In [10]:
import pandas as pd
import torch
import torch.nn as nn
import torch.optim as optim
from sklearn.preprocessing import StandardScaler
from sklearn.model_selection import train_test_split
from sklearn.metrics import accuracy_score, precision_score, recall_score, f1_score, confusion_matrix
from tqdm import tqdm
import itertools

# Load the data using pandas
file_path = 'cluster_new_raw_test.csv'
df = pd.read_csv(file_path)

# Drop unnecessary column
df.drop(columns=['id'], inplace=True)

# Define target column and features
target_column = 'Cluster'
X = df.drop(columns=[target_column])
y = df[target_column]

# Apply standardization (scaling) to the features
scaler = StandardScaler()  # Create the StandardScaler object
X = scaler.fit_transform(X)  # Apply scaling

# Convert to Torch tensors (necessary for GPU-based operations)
X = torch.tensor(X, dtype=torch.float32).cuda()  # Move the features to GPU
y = torch.tensor(y.values, dtype=torch.long).cuda()  # Move target to GPU

# Split the data into train and test (using sklearn)
X_train, X_test, y_train, y_test = train_test_split(X.cpu().numpy(), y.cpu().numpy(), test_size=0.25, random_state=42)

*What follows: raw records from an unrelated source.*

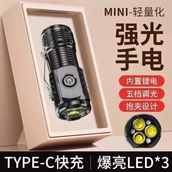 强光手电筒户外照明灯可充电远射户外露营应急防水长续航LED灯 中亮399L【便携远射 带笔夹】
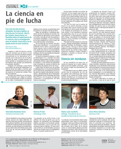 defensa de la ciencia, programada para el próximo 22 de abril, Día de la Tierra. Miles de científicos y científicas alrededor de todo el planeta se reunirán con el propósito de demostrar que la ciencia va mucho más allá de solo ecuaciones y conceptos complejos, y que su impacto en la vida cotidiana es mucho mayor del que solemos estar conscientes. No se trata de una marcha “de científicos para científicos”. La convocatoria pretende incluir tanto a personas que hacen ciencia, como a toda la sociedad civil, gente que crea en el conocimiento y que abogue por la creación de políticas públicas y la toma de decisiones basadas en evidencias científicas. El evento principal se llevará a cabo en Washington D.C. y también hay otras marchas programadas a lo largo y ancho de Estados Unidos, país donde se originó la iniciativa y cuya fuente de inspiración más inmediata es quizás la Marcha de las Mujeres del pasado ocho de marzo. Costa Rica ha hecho eco de ambas manifestaciones. En el caso de la Marcha por la Ciencia los preparativos para el 22 de abril los realizan estudiantes universitarios y representantes de la Federación de Estudiantes de la Universidad de Costa Rica (Feucr), con el apoyo de algunos profesores e investigadores de esta misma universidad.
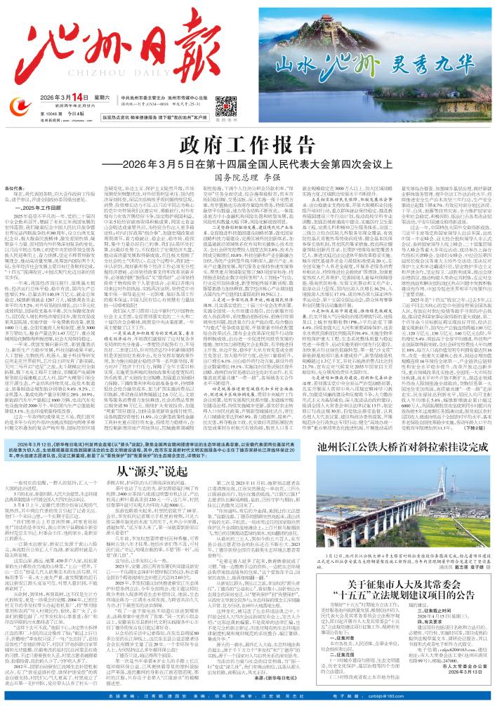 2025年是“十四五”收官之年。过去5年,以习近平同志为核心的党中央团结带领全国各族人民,有效应对世纪疫情等超乎寻常的冲击挑战,推动党和国家事业取得新的重大成就,第二个百年奋斗目标新征程实现良好开局。经济总量实现新跃升,国内生产总值连续跨越110万亿元、120万亿元、130万亿元、140万亿元台阶,年均增长5.4%、明显高于全球平均增速。科技和产业创新取得新突破,全社会研发经费投入年均增长10%,每万人口高价值发明专利拥有量达到16件,攻克一批重大关键核心技术,制造业增加值规模连续16年保持全球第一,产业链供应链韧性和安全水平稳步提升。改革开放迈出新步伐,重点领域改革扎实推进,全国统一大市场加快构建,高水平对外开放不断扩大,制造业领域外资准入限制措施全部取消,货物贸易第一大国地位更加巩固,高质量共建“一带一路”走深走实。民生福祉达到新水平,居民人均可支配收入年均增长5.4%,城镇新增就业累计超过6000万人,巩固拓展脱贫攻坚成果同乡村振兴有效衔接5年过渡期任务圆满完成,脱贫地区农村居民收入增速持续高于全国农村平均水平,基本养老保险全国统筹稳步实施,劳动年龄人口平均受教育年限增加到11.3年, (下转2版)(上接1版)人均预期寿命提高到79.25岁,人民群众文化生活更加丰富多彩。生态文明建设取得新进步,地级及以上城市空气质量优良天数比例提高到89.3%,森林覆盖率提高到25%以上,成为全球森林资源增长最快最多的国家,构建起全球最大、发展最快的可再生能源体系。安全保障能力实现新提升,粮食、能源资源、金融、网络等重点领域安全能力建设明显加强,社会大局保持稳定,牢牢守住了不发生系统性风险底线。经过艰苦奋斗、不懈努力,“十四五”规划《纲要》确定的20项主要指标、17方面重大战略任务、102项重大工程项目胜利完成。
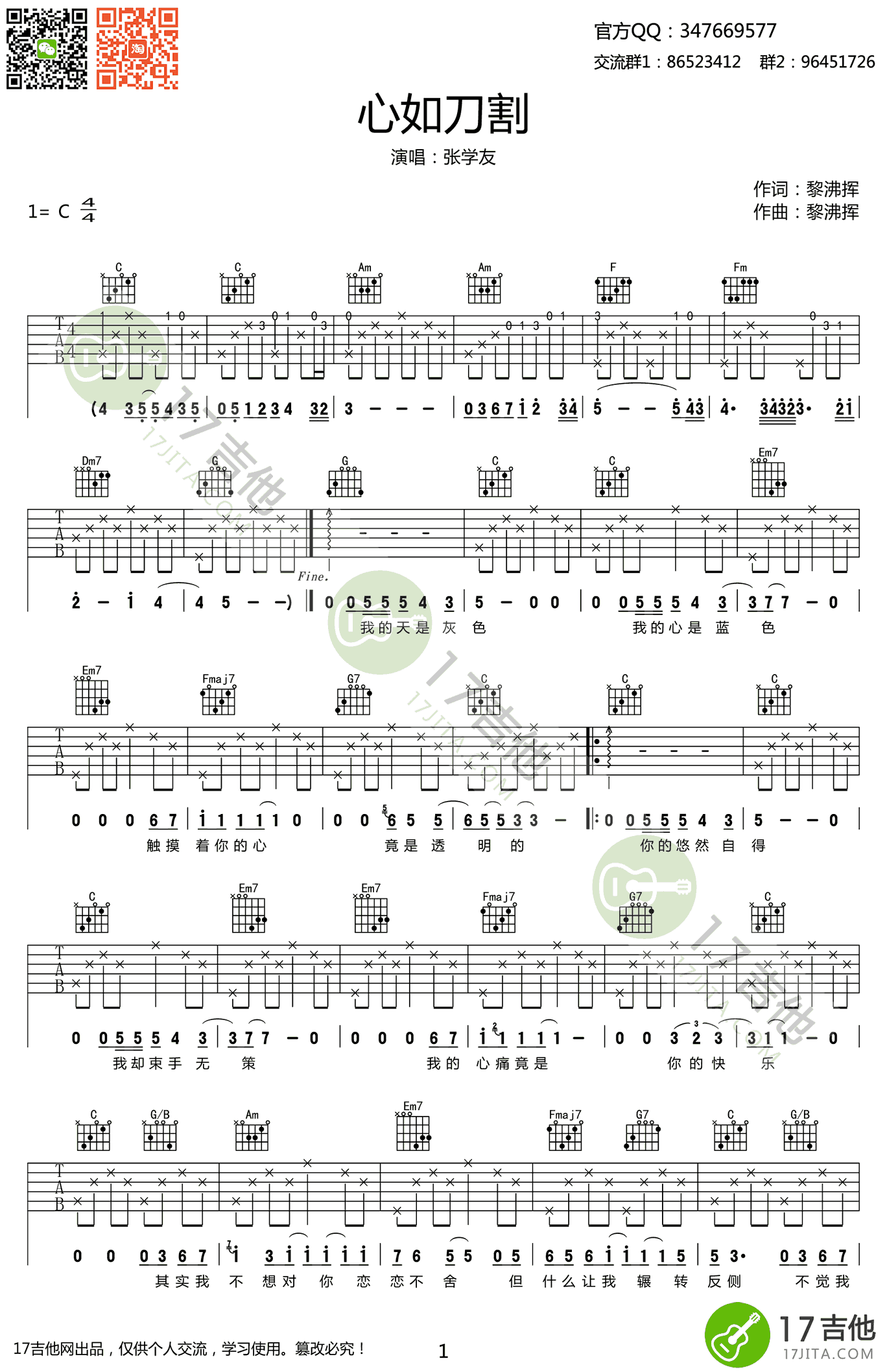 心如刀割 - 张学友 词:黎沸挥 曲:黎沸挥 我的天是灰色 我的心是蓝色 触摸着你的心 竟是透明的 你的悠然自得 我却束手无策 我的心痛 竟是你的快乐 其实我不想 对你恋恋不舍 但什么让我辗转反侧 不觉我说着说着 天就亮了 我的唇角尝到一种苦涩 我是真的为你哭了 你是真的随他走了 就在这一刻 全世界伤心角色 又多了我一个 我是真的为你爱了 你是真的跟他走了 能给的我全都给了 我都舍得 除了让你知道 我心如刀割 你的悠然自得 我却束手无策 我的心痛竟是你的快乐 其实我不想 对你恋恋不舍 但什么让我辗转反侧 不觉我说着说着 天就亮了 我的唇角尝到一种苦涩 我是真的为你哭了 你是真的随他走了 就在这一刻 全世界伤心角色 又多了我一个 我是真的为你爱了 你是真的跟他走了 能给的我全都给了 我都舍得 除了让你知道 我心如刀割
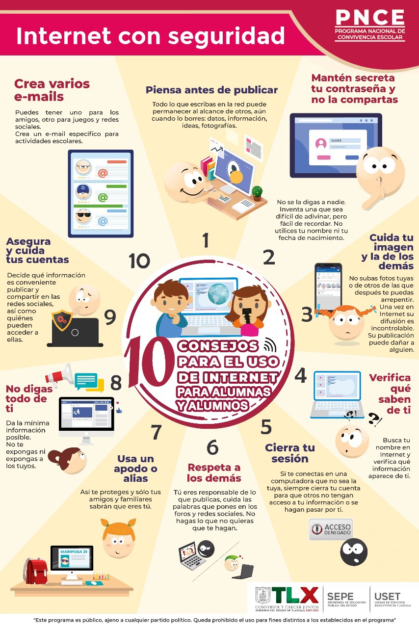 Tlaxcala, Tlax; 23 de febrero de 2021 (Pulso) La Secretaría de Educación Pública del Estado (SEPE) y la Unidad de Servicios Educativos de Tlaxcala (USET), promueven en sus redes sociales oficiales 10 consejos para alumnas y alumnos mientras navegan en la web.

# Convert back to Torch tensors after train-test split
X_train = torch.tensor(X_train, dtype=torch.float32).cuda()
X_test = torch.tensor(X_test, dtype=torch.float32).cuda()
y_train = torch.tensor(y_train, dtype=torch.long).cuda()
y_test = torch.tensor(y_test, dtype=torch.long).cuda()

# Define a simple linear model similar to SGDClassifier
class SGDModel(nn.Module):
    def __init__(self, input_dim):
        super(SGDModel, self).__init__()
        self.fc = nn.Linear(input_dim, 2)  # Binary classification

    def forward(self, x):
        return self.fc(x)

# Function for training the model and evaluating accuracy
def train_and_evaluate_model_accuracy(learning_rate, num_epochs):
    # Initialize the model
    model = SGDModel(X_train.shape[1]).cuda()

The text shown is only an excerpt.